Datos sobre la región de producción

-Color del acero (que varía según el lugar de procedencia).

-Forjado (granulado del acero, presencia de reflejos y calidad de los mismos), motivos en la superficie de la hoja ( las técnicas varían según las escuelas y los estilos).

OBSERVAR LA LÍNEA DE TEMPLADO (HAMON)

Datos sobre la identidad de forjado

-Puntas o zonas borrosas  alrededor de la línea de templado (nie, nioi), dibujo de la línea de templado.

OBSERVAR LA ESPIGA (ZONA DE LA EMPUÑADURA AL DESCUBIERTO)

Compararla con la parte de la hoja que ya ha sido observada

-Presencia o ausencia de firma del forjador y autenticidad de la misma (ubicación de la firma, espesor y orientación del buril utilizado para grabarla, fecha, número de serie).

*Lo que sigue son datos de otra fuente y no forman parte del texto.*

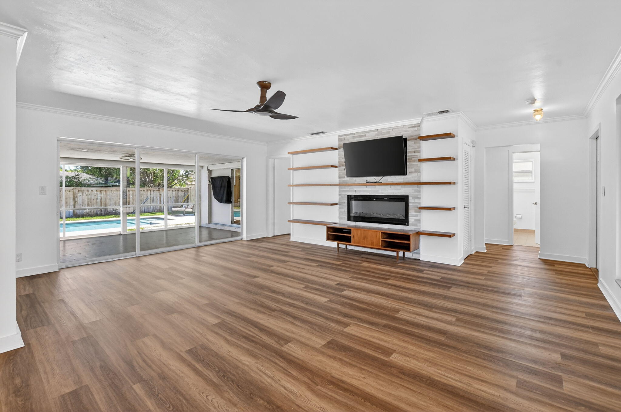Welcome to this inviting 3-bedroom, 2-bath home in the heart of East Boca Raton, just a short walk to Addison Mizner School and moments from Mizner Park, Brightline, I-95, and Boca's beautiful beaches.Inside, a bright open layout is enhanced by brand-new luxury vinyl plank flooring and fresh interior paint, creating a clean, modern feel and a great foundation for comfortable everyday living. The kitchen offers a functional and welcoming space that flows easily into the main living areas, making it ideal for both casual nights at home and entertaining. MORE...The home has benefited from meaningful improvements that add peace of mind, including a newer A/C system, partial hurricane-impact windows along the front of the home, a whole-house generator, and important infrastructure updates such as a ceramic barrel tile roof, relined copper piping, and a GE electrical panel. Step outside to your own private backyard retreat, where a beautiful saltwater heated pool and spacious yard create the perfect Florida setting for relaxing, hosting, or enjoying sunny Boca days year-round. Room to park your boat too! Set within one of East Boca's most desirable neighborhoods and a highly sought-after school district, this home offers an exceptional opportunity to enjoy location, lifestyle, and the chance to make it your own.
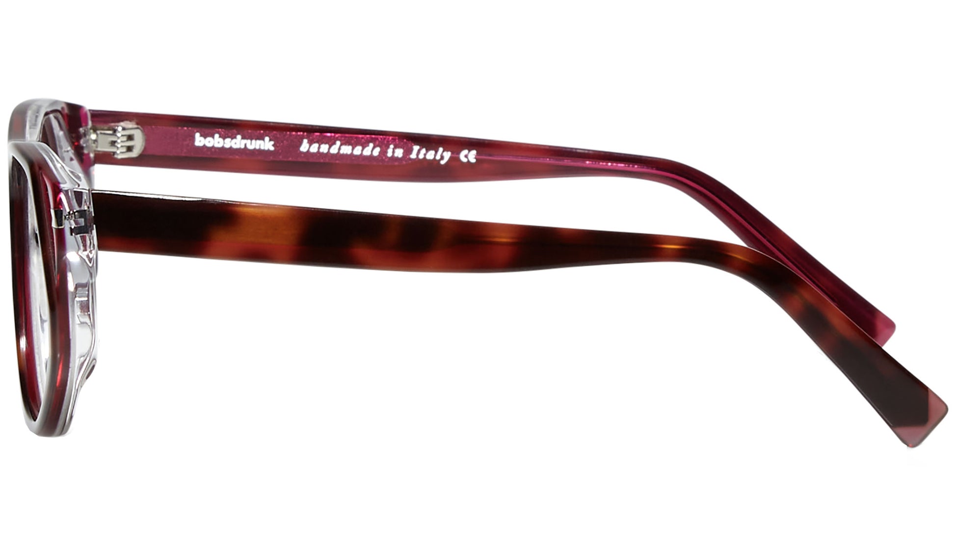 Bobsdrunk Carmen optical model in 547 color variant, violet toroise / violet. Timeless products and bold shapes coexist in this 2023 optical collection. The lines are masterfully designed to create a “bold lightness” effect.Every pair of glasses is characterized by an emblematic detail shown on the front and on the temple tip, which highlights the value of the brand. The detail represents the union of the initial and final letter of Bobsdrunk in a single symbol. The careful choice of materials, the selection of workmanship and the extensive chromatic research are the prerogatives for every Bobsdrunk creation.
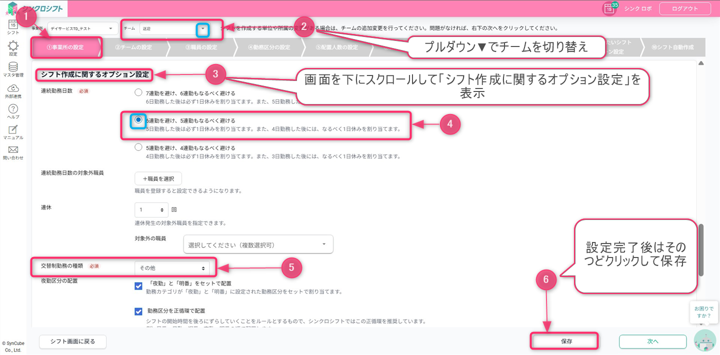 - 連続勤務日数:「6連勤を避け、5連勤もなるべく避ける(5勤務1休)」を選択

-Orificio de la espiga y forma de su extremo, observación del rayado de la lima (yasurime) y otros detalles.

CLAVES PARA APRECIAR CORRECTAMENTE UNA KATANA

Cuando se observa una katana, es necesario adoptar algunas posturas extrañas. De hecho, la posición y la iluminación a la que está sometida una katana expuesta están pensadas para un observador de altura media. Esto no se aplica sobretodo en lo relativo a la identificación de la línea de templado, para cuya observación es primordial que la espada esté bien iluminada. Si el observador es capaz de apreciar la separación de la parte más clara de la hoja de su parte oscura, es posible percibir una silueta que brilla en este juego de sombras: efectivamente estamos hablando de la verdadera línea de templado.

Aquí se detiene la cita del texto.